Le secteur du bâtiment doit aussi se transformer afin que les méthodes de construction requièrent moins d’énergie fossile et que les bâtiments consomment moins d’énergie, notamment grâce à leur isolation. Il y a également un gros travail à faire dans les domaines de l’agriculture et de l’alimentation. Ce n’est pas possible, par exemple, de continuer à élever des porcs en Bretagne, puis de les découper en Allemagne, parce que c’est moins cher, et de récupérer la viande pour la vendre en France. Enfin, il faudrait trouver des solutions pour diminuer la consommation énergétique du secteur numérique. Les serveurs informatiques contenant nos données utilisent actuellement beaucoup trop d’énergie fossile.

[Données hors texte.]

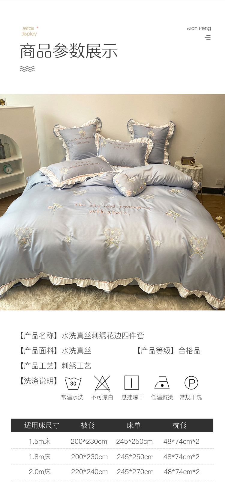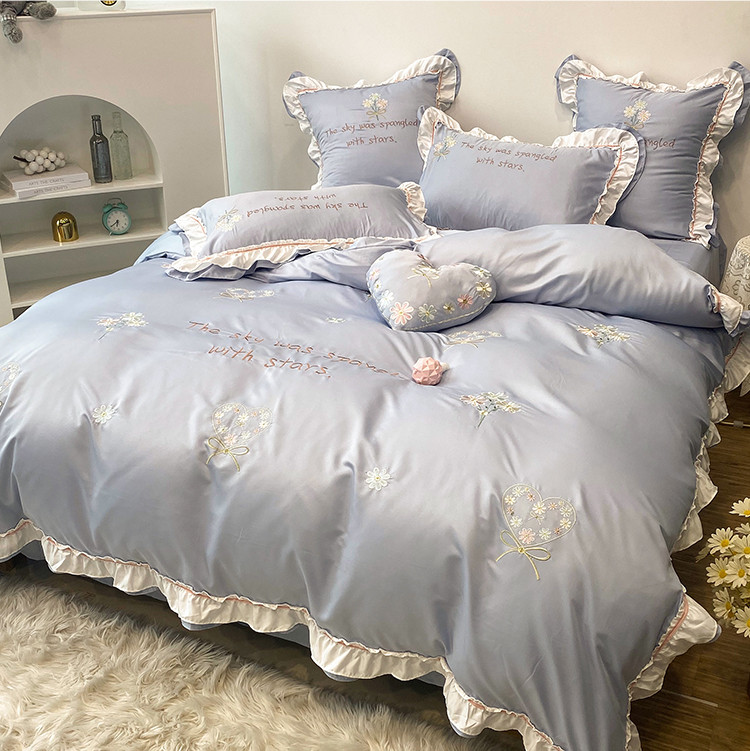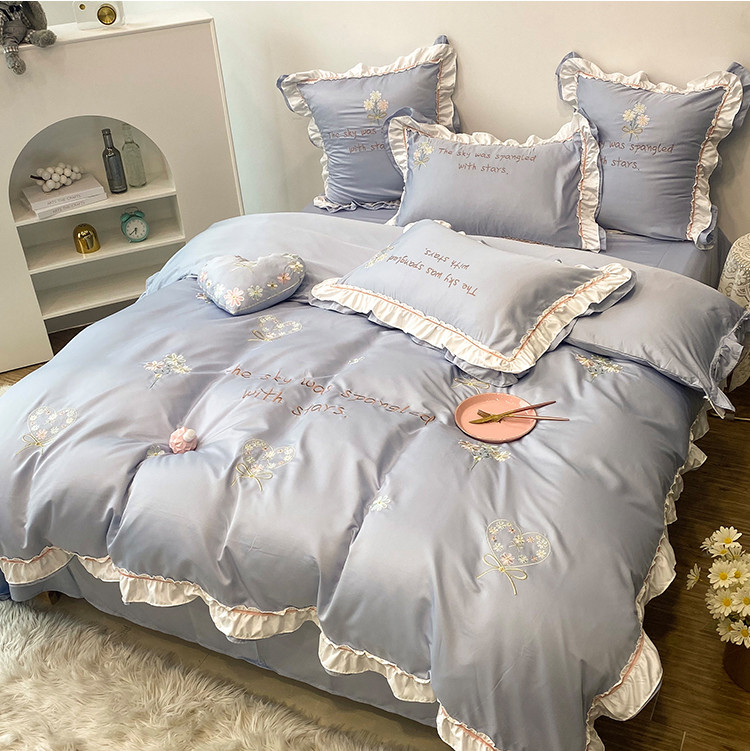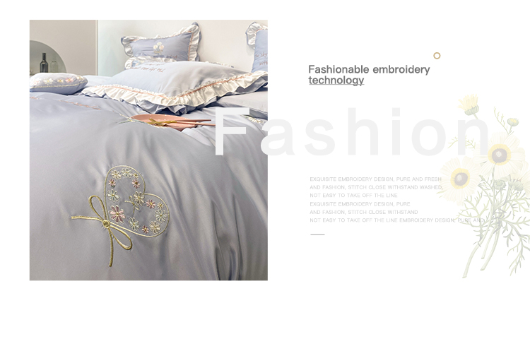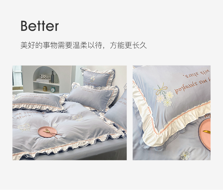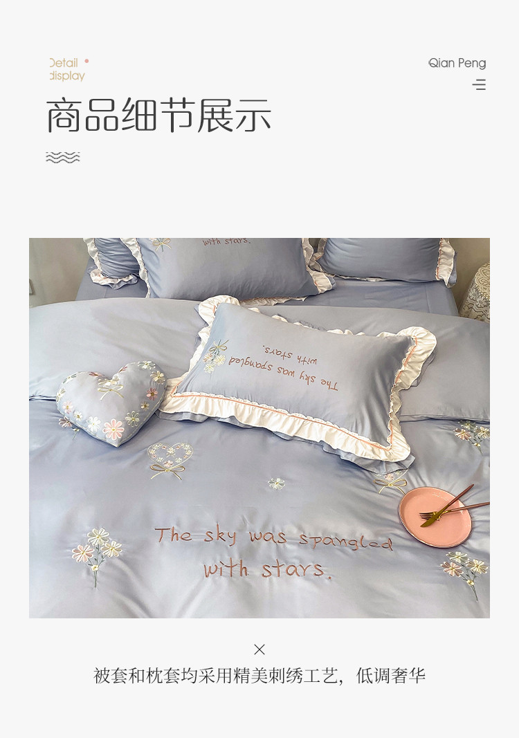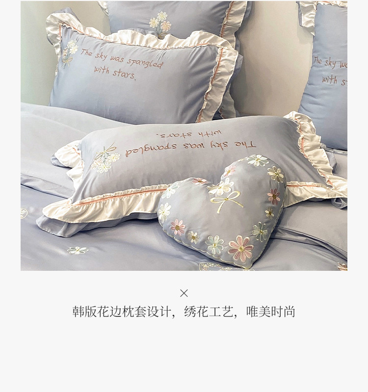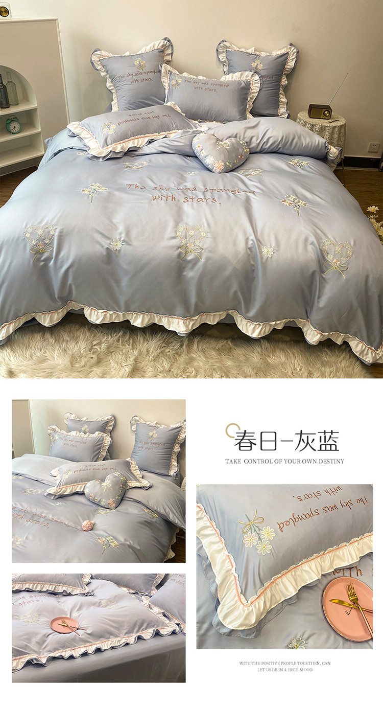 商品名称:理想家 2021新款春日水洗真丝刺绣花边四件套 灰蓝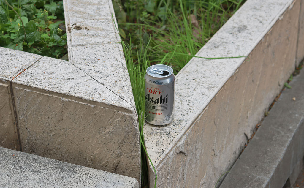 「よく見ると植え込みの奥にごみがある!」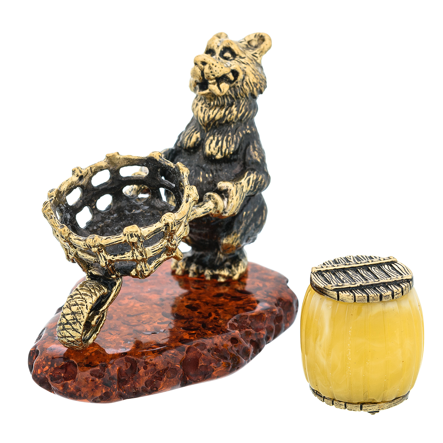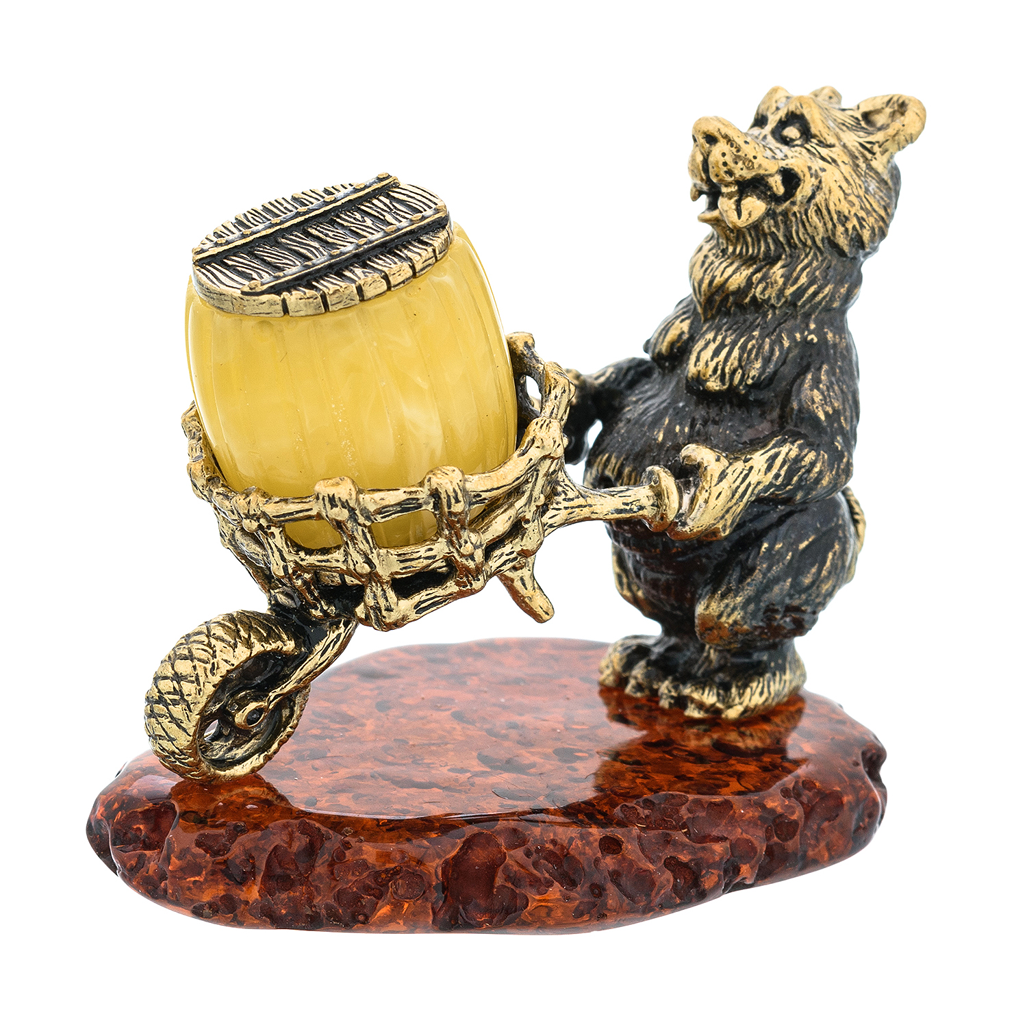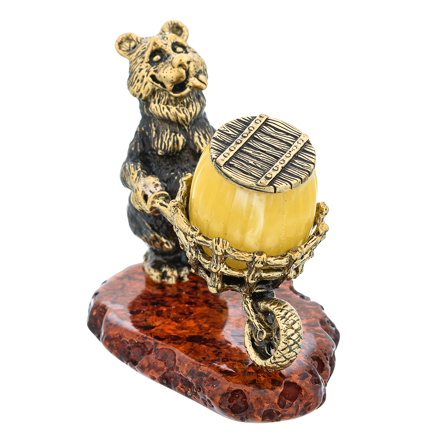 Статуэтка с янтарем "Запасливый медведь с тележкой"

Y-a-t-il une solution pour que tout le monde entre en lutte contre le réchauffement climatique ?
Le problème c’est que même parmi nos dirigeants, certains, malgré l’urgence de la situation, ignorent tout de ces sujets. Une partie n’y comprend rien et en parle très mal. Un des leviers importants reste donc l’éducation. Il faut établir une culture commune afin que chacun connaisse les concepts de biodiversité, de pollution, d’énergie renouvelable, de transition écologique, etc. L’idée est que tout le monde puisse en parler d’une façon raisonnée et en comprendre les enjeux. Le point positif, c’est qu’il y a eu de grands changements entre les programmes scolaires du lycée de 2019 et ceux prévus pour la rentrée 2020.
Cela, notamment, grâce à l’action des jeunes qui se sont mobilisés et ont obtenu de Jean-Michel Blanquer, le ministre de l’éducation nationale, d’y introduire plus de notions relatives au changement climatique. Il a aussi accepté de discuter des programmes des collèges et des écoles primaires. La ministre de l’enseignement supérieur, Frédérique Vidal, vient d’entamer avec un groupe d’experts que je préside, une réflexion pour sensibiliser, éduquer et former tous les étudiants, d’une façon plus ou moins approfondie en fonction des cursus, sur ces thématiques, avec l’objectif de mettre en œuvre ces nouveaux programmes dès 2021.